А Варя и не собирается счёты с жизнию сводить! Потом только догадалась, что про петлю древесную Лихо говорит. Только стоит ли слушать его? Сгубить ведь наверняка хочет.
А тут вслед за голосом грозным зарево в небе мелькнуло. Оранжевое, яркое. И вниз будто ухнулось. Смотрит Варя — уж горит всё! И лес за ней, и трава, и будто само небо синее коптиться начинает. Языки огненные в вихри закручивает, голод огненный всё вокруг пожирает! Только дерево, у которого Варя стоит, и гореть не думает. А со всех сторон к нему пламя подскакивает. Да быстро так — вот только что не было ничего, а тут с разу стена выше Вари!
Поняла Варя, что немного ещё, и её это пламя и пожрёт. Руки сами тогда в ствол древесный, что петлёй изогнулся, вцепились. А тело само пополам согнулось и уж голову внутрь двигает.
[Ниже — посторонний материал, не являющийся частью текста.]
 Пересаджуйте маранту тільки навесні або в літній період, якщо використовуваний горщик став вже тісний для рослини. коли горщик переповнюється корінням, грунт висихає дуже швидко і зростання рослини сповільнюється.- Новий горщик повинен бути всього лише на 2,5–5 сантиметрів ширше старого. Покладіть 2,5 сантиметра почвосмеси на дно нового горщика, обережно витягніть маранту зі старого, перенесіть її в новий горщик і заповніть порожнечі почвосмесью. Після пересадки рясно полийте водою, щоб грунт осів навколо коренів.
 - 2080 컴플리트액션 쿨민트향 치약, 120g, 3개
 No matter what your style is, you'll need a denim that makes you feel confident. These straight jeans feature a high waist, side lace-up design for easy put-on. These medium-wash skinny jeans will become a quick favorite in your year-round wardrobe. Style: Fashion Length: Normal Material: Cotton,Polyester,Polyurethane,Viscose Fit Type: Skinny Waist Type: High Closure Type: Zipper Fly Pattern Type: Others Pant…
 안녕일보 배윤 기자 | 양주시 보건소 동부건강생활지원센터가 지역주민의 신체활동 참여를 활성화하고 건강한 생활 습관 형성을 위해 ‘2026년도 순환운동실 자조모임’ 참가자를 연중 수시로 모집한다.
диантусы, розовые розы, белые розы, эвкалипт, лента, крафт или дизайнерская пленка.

Некогда Варе уж думать — руки с ногами сами по себе работают. Просовывают Варю через кольцо.
Ахнуть не успела, как вся опора из-под неё ушла. Повисла Варя в воздухе — а дальше и вниз сила неведомая потащила. Быстро так, аж ветер в ушах свистит. Опомниться Варя не успела, как бухнуло её обо что-то. Даже подкинуло. И перед глазами всё кувыркается. Насилу заставила себя ровно смотреть.
И видит — поле пред ней пшеничное. Рядом — луг зелёный просыпаться начинает. И небо светлеет, утро чувствуя. А сама Варя внутри круга неровного лежит, на земле нарисованного. И тихо. Нет вокруг никого.
Ужели вернулась?
[1]Числобог — бог чисел, времени, миропорядка.
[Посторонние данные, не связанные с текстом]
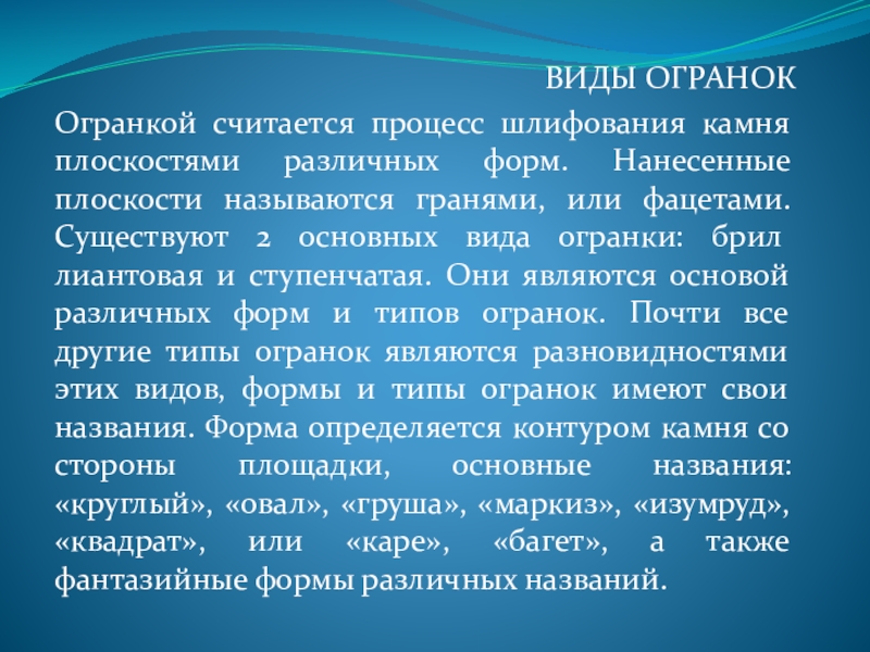 Огранкой считается процесс шлифования камня плоскостями различных форм. Нанесенные
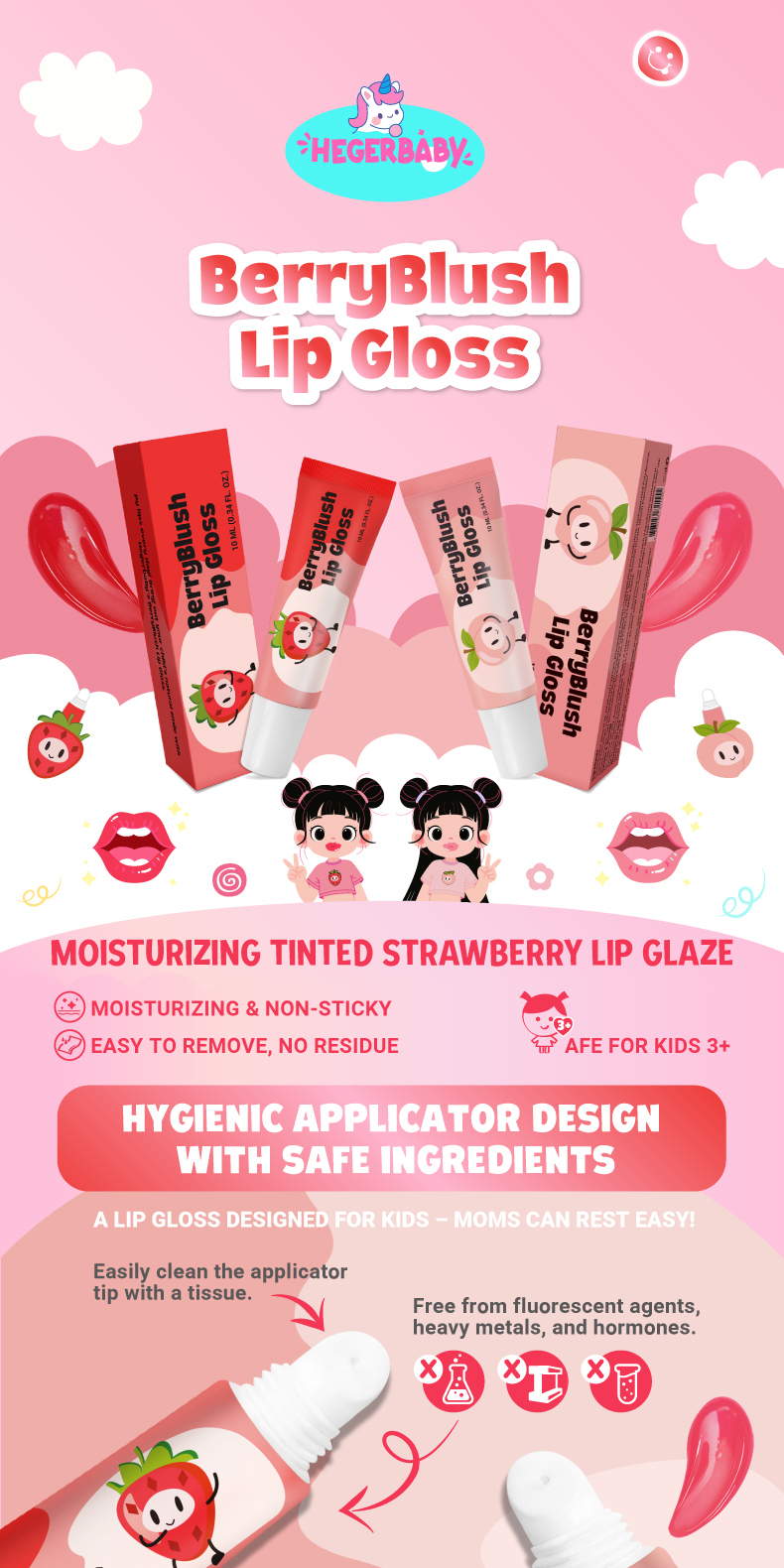 Experience the perfect blend of safety, comfort, and beauty with hegerbaby BerryBlush Lip Gloss!
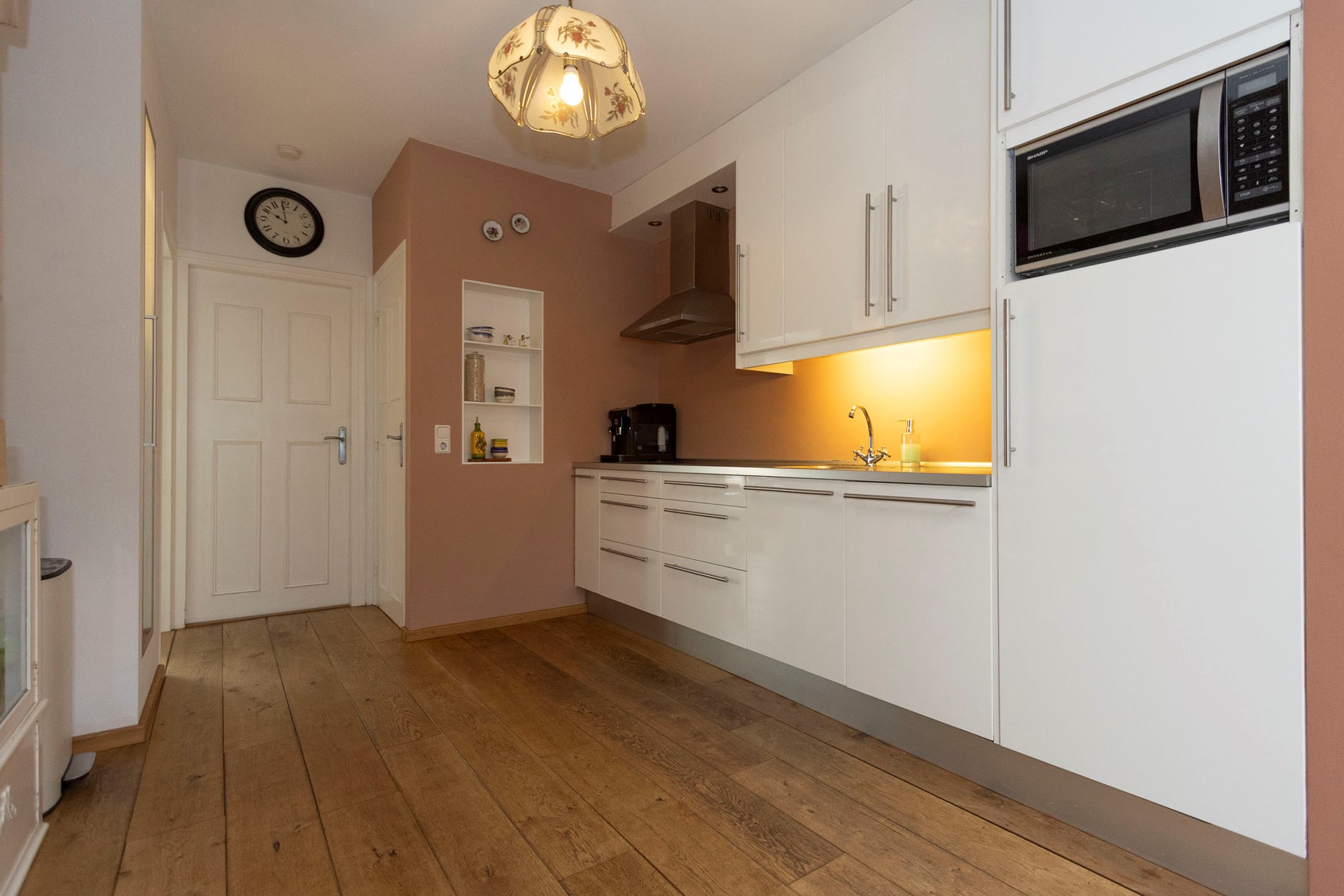 De keuken en woonkamer zijn sfeervol uitgevoerd met ‘n karakteristieke lichte houten vloer.
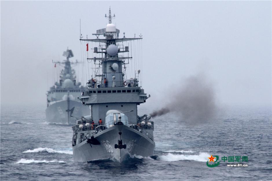 Photo shows a destroyer firing at target. The South China Sea Fleet of the Chinese People's Liberation Army(PLA) Navy conducts a live-fire military drill. (Source: 81.cn)
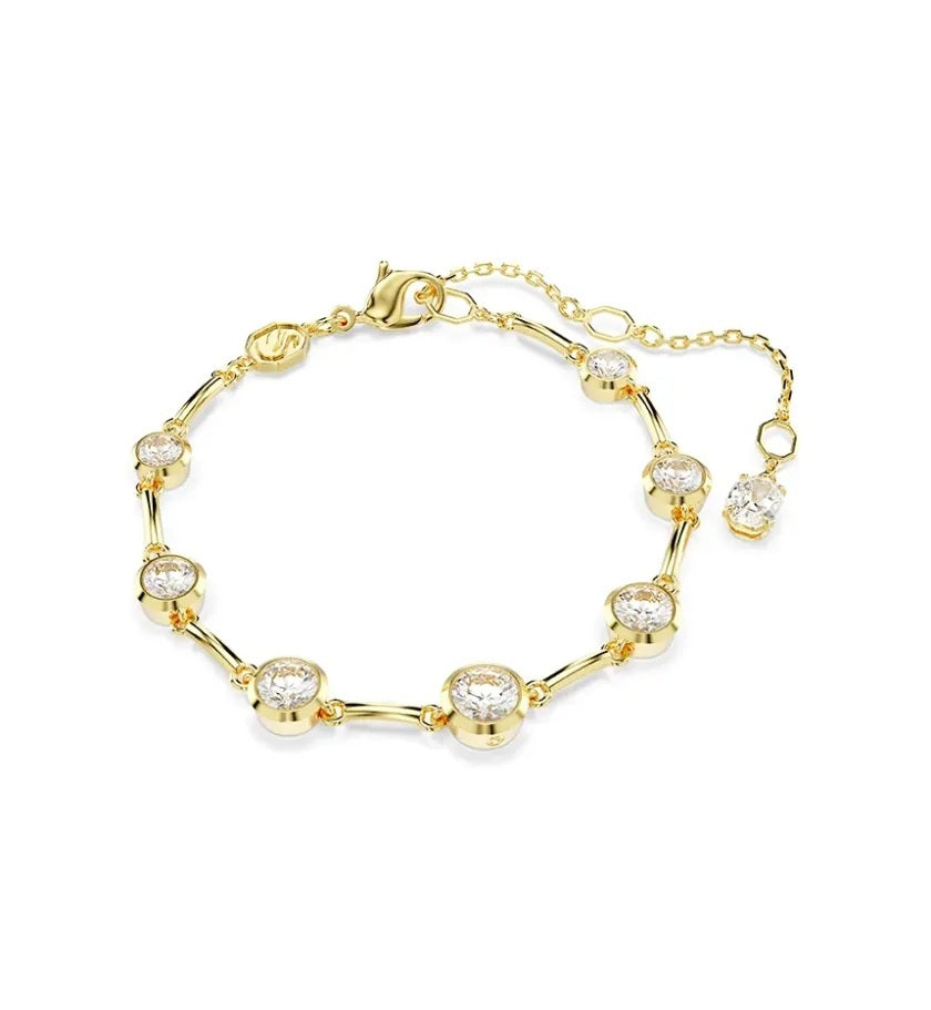 Swarovski Tennis-Armband Imber 5705465. In diesem eleganten Armband aus der Imber-Familie herrscht schlichte Eleganz. Das in Goldtönen plattierte Design ist mit sieben Swarovski Zirconia im Rundschliff verziert, die jeweils in einer modernen Krappenfassung gehalten werden. Für eine verstellbare Passform ist der Karabinerhaken mit drei Positionen für drei passende Größen und einem einzelnen Swarovski Zirconia am Ende des Verlängerungselements ausgestattet. Tragen Sie dieses Armband zusammen mit einer passenden Imber-Halskette, um seine raffinierte Wirkung zu verstärken. Artikel-Nr.: 5705465. Kollektion: Imber. Länge (min. - max.): 15,5 - 20,5 cm. Dekorationsgröße: 0,8 x 0,8 cm. Material: Goldplattierung, Zirkonia. Farbe: Weiß. Verschlussart: Karabinerhaken.

[2] Светец — приспособление для укрепления горящей лучины.
[3] Мавка — русалка.
[4] Триглав — славянский триединый бог.
[5] Явь — царство живых, наш мир. Навь — царство мёртвых.
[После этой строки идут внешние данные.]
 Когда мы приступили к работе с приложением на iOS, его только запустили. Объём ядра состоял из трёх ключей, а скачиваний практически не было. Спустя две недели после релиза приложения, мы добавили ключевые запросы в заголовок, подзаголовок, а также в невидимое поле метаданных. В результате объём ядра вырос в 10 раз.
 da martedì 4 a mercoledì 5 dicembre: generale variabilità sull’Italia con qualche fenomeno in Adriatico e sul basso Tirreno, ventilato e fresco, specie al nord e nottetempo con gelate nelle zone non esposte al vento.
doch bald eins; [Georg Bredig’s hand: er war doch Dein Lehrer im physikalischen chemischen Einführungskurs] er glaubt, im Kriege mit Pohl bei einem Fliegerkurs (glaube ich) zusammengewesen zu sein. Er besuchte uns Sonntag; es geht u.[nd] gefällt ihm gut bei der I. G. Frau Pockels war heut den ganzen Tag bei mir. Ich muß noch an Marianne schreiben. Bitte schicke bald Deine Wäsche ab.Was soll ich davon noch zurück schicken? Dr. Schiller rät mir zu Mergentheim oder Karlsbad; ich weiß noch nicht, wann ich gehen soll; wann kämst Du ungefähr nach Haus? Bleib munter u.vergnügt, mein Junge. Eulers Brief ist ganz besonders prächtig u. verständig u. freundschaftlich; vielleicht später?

[6] Правь — славянские законы мироздания.
Глава 3. Ореховые очи
Поднялась Варя на ноги — уж и наловчилась вроде как. Только на правую запала — видно уж не выдерживают ноженьки случившегося. По сторонам скорее обернулась — точно, на том же самом перекрёстке, на котором чёрта ловить вздумала. В том же кругу, что ножиком, специально закалённым, чертила.
А может и не было ничего? Привиделось всё Варе от напряжения душевного? Может, лишилась просто Варя чувств, да так и провалялась на перекрёстке. А сон ей странный духи нечистые нашёптывали?
Есть резон в этом. Зачем им, в самом-то деле, к себе какую-то Варю пускать? Может, и к лучшему это — всё-таки встреча с Лихом одноглазым путного ничего не сулит. Ежели наяву. А если во сне?
Щека только болит, оцарапанная. Так это падая можно было об землю твёрдую стесать. Рука ей болью так же отдаётся — но её-то Варя ножиком специально порезала. Только... сума-то где? Помнит Варя, что пока возилась с нею, для анчутки оладушки доставая, вроде и на землю клала. А потом, через ствол древесный пролезая, и не вспомнила о ней...
Или просто шли разбойники мимо, да суму и украли? Да вряд ли это — разбойники, они бы и Варю... того. А стоит она, целёхонькая. На небо рассветное смотрит. Вот когда петуху кричать надобно. А он, видать, ночью наголосился, а теперь и отсыпается.
Варе-то спать не хочется. Зябко поутру свежему, хоть и солнце поднимается. Холодок свежий по самых косточек норовит проникнуть. Чтобы, видать, Варя на месте не стояла. Ногу только прихрамывает чутка.
Жалко, конечно, суму. Да только чего теперь делать? Не обратно же чёрта вызывать, чтоб её вызволить. На всякий случай Варя по сторонам хорошенько огляделась — нет ведь больше верёвки, чтоб его ловить. Да по тропке пошустрее обратно пошла, воздухом свежим дыша.
Роса на траве об ноги обивается, будто омыть их хочет. Капельки прозрачные змейками разбегаются, из-под листиков зелёных поглядывая. Цветочки полевые только-только головки малые поднимать начали, не веря словно, что ночь ещё одну прожили.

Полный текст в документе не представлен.